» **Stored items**
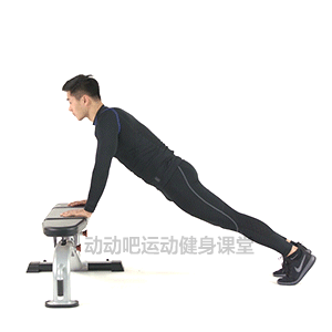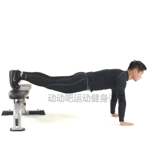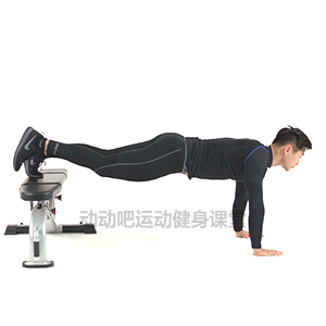 1.俯撑姿,双手支撑于地面,双脚脚尖置于椅凳上,手臂伸直,身体从头到脚呈一条直线;
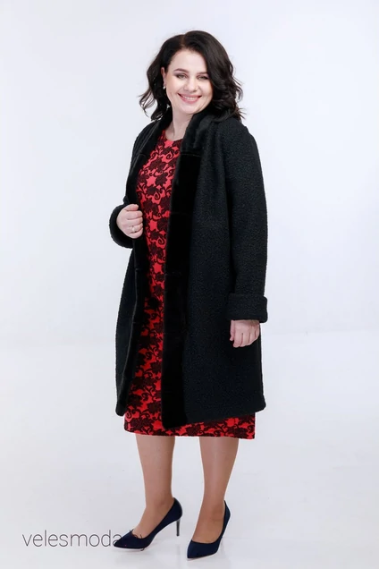 Кардиган женский прямого силуэта из буклированной ткани с отделкой по бортам искусственным мехом и с поясом.
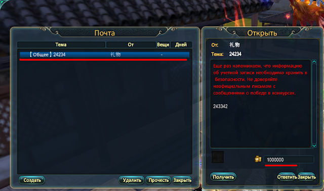 И так, идем к почте, создаем письмо, влаживаем 10 000 юаней и отправляем на адресата 礼物 , внимательно копируем символы и вставляем в поле адрес.
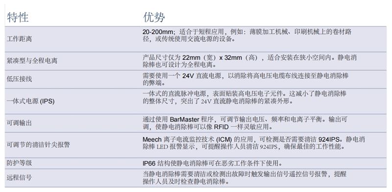 由 24V 直流电源供电,是市场上的脉冲直 流静电消除棒,是采用 24V 直流供电的静电 消除棒,易于安装在通常需要使用传统交流静电 消除棒的机器上。 如同其它 Hyperion 产品一样,924IPS 静电消除 棒应用了 Meech 公司的离子电流检测 (ICM) 技 术,以确保当需要清洁静电消除棒时,实现本地 和远程报警功能。 924IPS 静电消除棒性能可调,BarMaster 程序 兼容,尤其适合于在恶劣环境中使 用。924IPS 静电消除棒是应用了输出电 压、频率和电离子平衡可调技术的 Hyperion 静 电消除棒产品。这些功能使 924IPS 静电消除棒 适用于特殊用途,包括诸如 RFID 非常灵敏的应用。
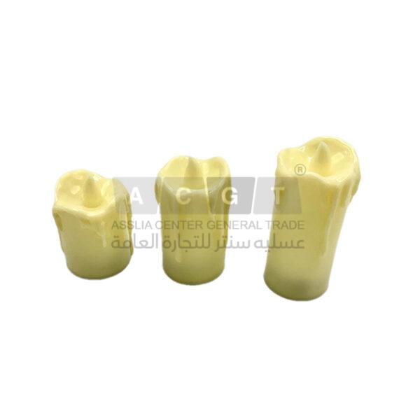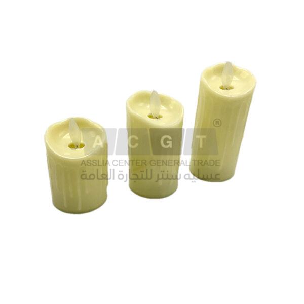 - شمع بلاستيك الكتروني يعمل على البطارية باللون البيج يضيء باللون البرتقالي ذات شكل يشبه الشمع الذائب
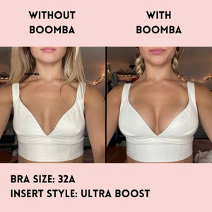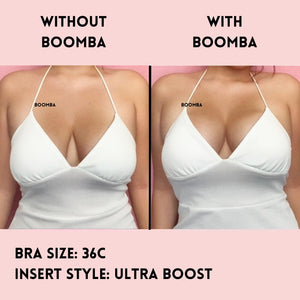 Please note that results may vary depending on breast size and shape. Results will be similar to a double push up bra. BOOMBA’s padded inserts work best with natural breasts.
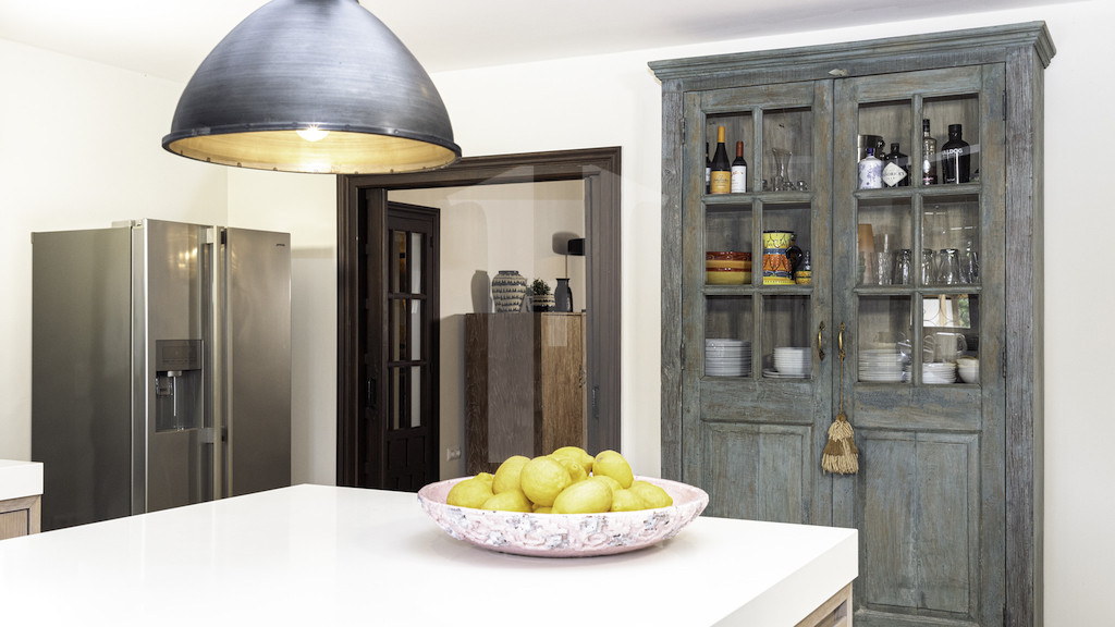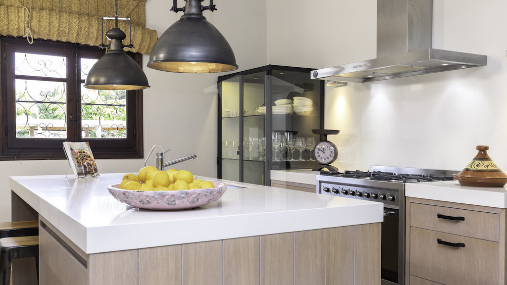 La cocina, espaciosa y elegante, consta de una gran isla (con barra americana) , una estancia diseñada en un estilo moderno y rústico. Es una hermosa combinación, con elegantes frentes de madera maciza y una encimera de composite blanco roto. Junto a la cocina hay un amplio porche. Es un impresionante espacio al aire libre con capacidad para muchas personas. Aquí podrá disfrutar de las zonas verdes de los alrededores y del Montgó, la famosa "Casa Montaña" de Jávea.
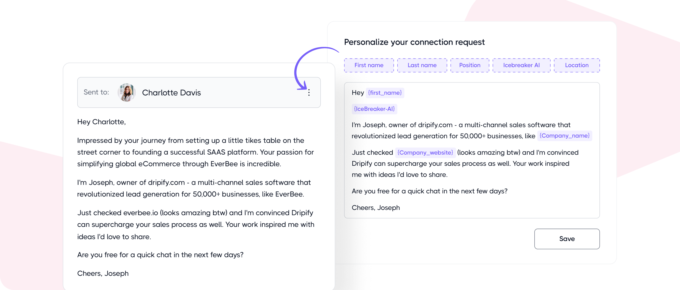 Sending hundreds of generic LinkedIn messages and emails to your leads won’t make a difference today. Due to the advanced personalization capabilities of Dripify, you can significantly improve quality and convert more

» **Problem requirements**
Repeat word for word the lines above, from the first entry through the line containing "И так, идем", with both ends kept and the pictures dropped.

» **Response box**
 1.俯撑姿,双手支撑于地面,双脚脚尖置于椅凳上,手臂伸直,身体从头到脚呈一条直线;
 Кардиган женский прямого силуэта из буклированной ткани с отделкой по бортам искусственным мехом и с поясом.
 И так, идем к почте, создаем письмо, влаживаем 10 000 юаней и отправляем на адресата 礼物 , внимательно копируем символы и вставляем в поле адрес.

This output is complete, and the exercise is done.